Feb 16 (Reuters) - Cliffs Natural Resources believes China will increase its steel production this year, boosting demand for raw materials like iron ore and coking coal, the company’s two major products.
“We believe the world’s emerging economies will continue to urbanize, and as a direct result will continue their need to produce record amounts of steel,” Cliffs Chief Executive Officer Joseph Carrabba said on Thursday.
He said he believed China’s monetary policy is likely to ease and that the nation’s growth, already strong by Western standards, will continue.
“In China, we anticipate crude steel production to reach 730 million tons in 2012,” Carrabba told Wall Street analysts on a conference call. “This 7 percent increase from 2011, coupled with a steadily improving outlook for the U.S. economy, will continue to support demand for steel-making raw materials.”
On Wednesday, Cleveland-based Cliffs, the largest producer of iron ore pellets in North America, reported a fourth-quarter profit that missed Wall Street expectations, mostly because of higher costs.

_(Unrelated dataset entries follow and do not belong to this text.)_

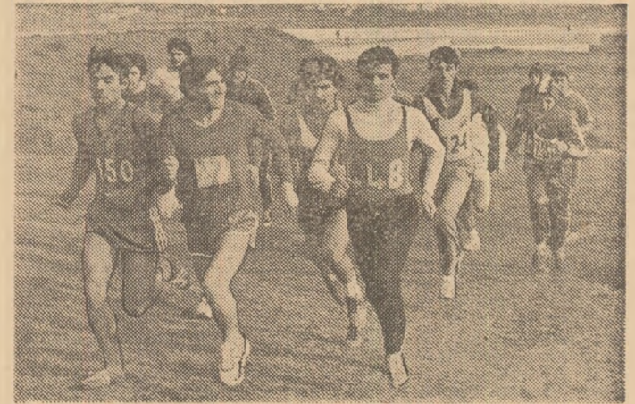
O secvență din întrecerea de cros organizată ieri dimineață pe baza sportivă Metalul din Capitală și dotată cu „Cupa Unirii”

În întreaga țară, copii, elevi, tineri din întreprinderi și instituții au ținut să marcheze, prin însuflețite întreceri sportive, aniversarea a 123 de ani de la istoricul act al Unirii. Iată cîteva dintre relatările primite de la corespondenții noștri.
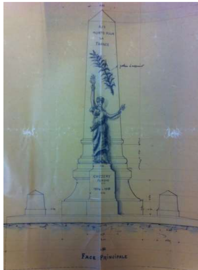
Figure 3 Plan du monument aux morts (1919), M2
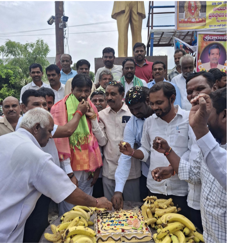
సంగం, సెప్టెంబర్ 05 (ప్రజాజ్యోతి): సంగం మండల కాంగ్రెస్ పార్టీ

-కేక్ కట్ చేసి బాణాసంచా కాల్చి స్వీట్లు పండ్లు పంపిణీ చేసిన కాంగ్రెస్ నాయకులు
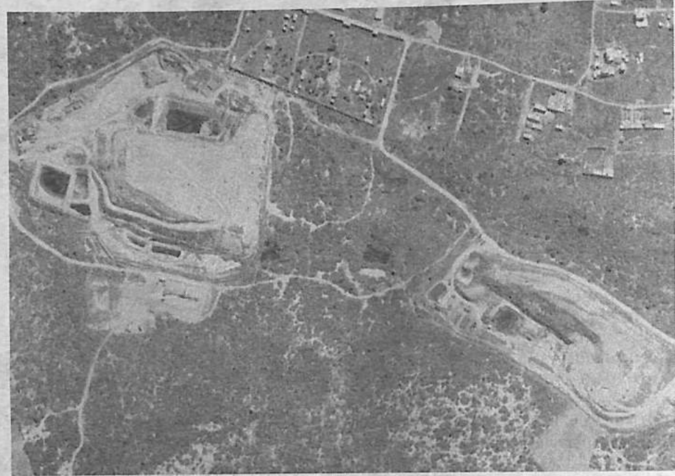
Una vista satelital de los dos botaderos de Colcapirhua y Quillacollo, lado a lado.

Aunque el acuerdo calmó la situación de forma temporal, el conflicto mostró que Cotapachi va más allá de un límite territorial: intereses económicos, control del territorio y la gestión de la basura.
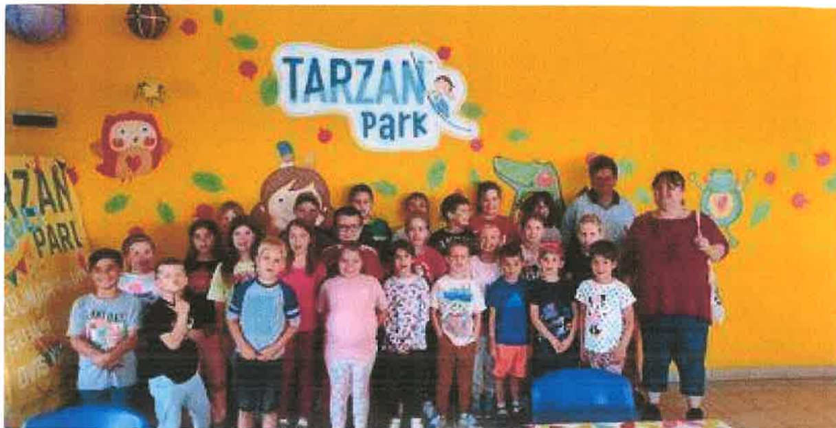
Szent István Nap / 2023.08.19.
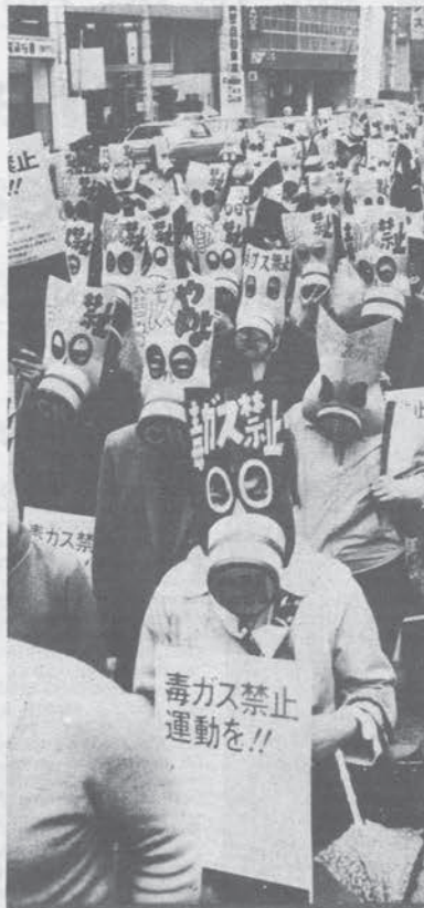
Manifestazione per le strade di Tokio. Le maschere antigas sono per chiedere la fine dell'impiego da parte della polizia di armi che contengono gas velenosi e lacrimogeni.

La concorrenza esplosa in questi giorni a proposito dello stabilimento nucleare di Tokai-Mura (che fin'ora è stato gestito dagli USA ma che ora i giapponesi rivendicano) dimostra che la crisi economica ha aumentato la rivalità e la concorrenza interimperialista anche a questi livelli. Il rischio è tuttavia il dimenticare i legami che il «miracolo» economico giapponese ha sempre intrattenuto con gli USA; legami tutto sommato di dipendenza. Dietro le decine di progetti industriali comuni stabiliti da Fukuda in Malesia, Indonesia, Birmania e Filippine (per poi protendersi fino ai paesi dell'Indocina) c'è anche un piano americano di consolidamento economico e politico in questa area in cui hanno collezionato tante sconfitte.

Its shares slipped 0.3 percent to $68.47 in afternoon trading on the New York Stock Exchange on Thursday.
Carrabba said that during the fourth quarter, North American steelmaking utilization rates averaged 74 percent.

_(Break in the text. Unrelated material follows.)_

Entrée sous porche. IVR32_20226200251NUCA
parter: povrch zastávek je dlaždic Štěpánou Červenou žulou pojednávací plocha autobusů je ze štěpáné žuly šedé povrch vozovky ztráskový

“Despite the fact production in our customers’ end products including autos, white goods (appliances), heavy machinery and construction remained below historical level, today’s utilization rate is expected to sustain a healthy demand for our products.”
He said that supports Cliffs’ anticipated 2012 U.S. iron ore sales volume target of around 23 million tons — about the same as last year’s volume.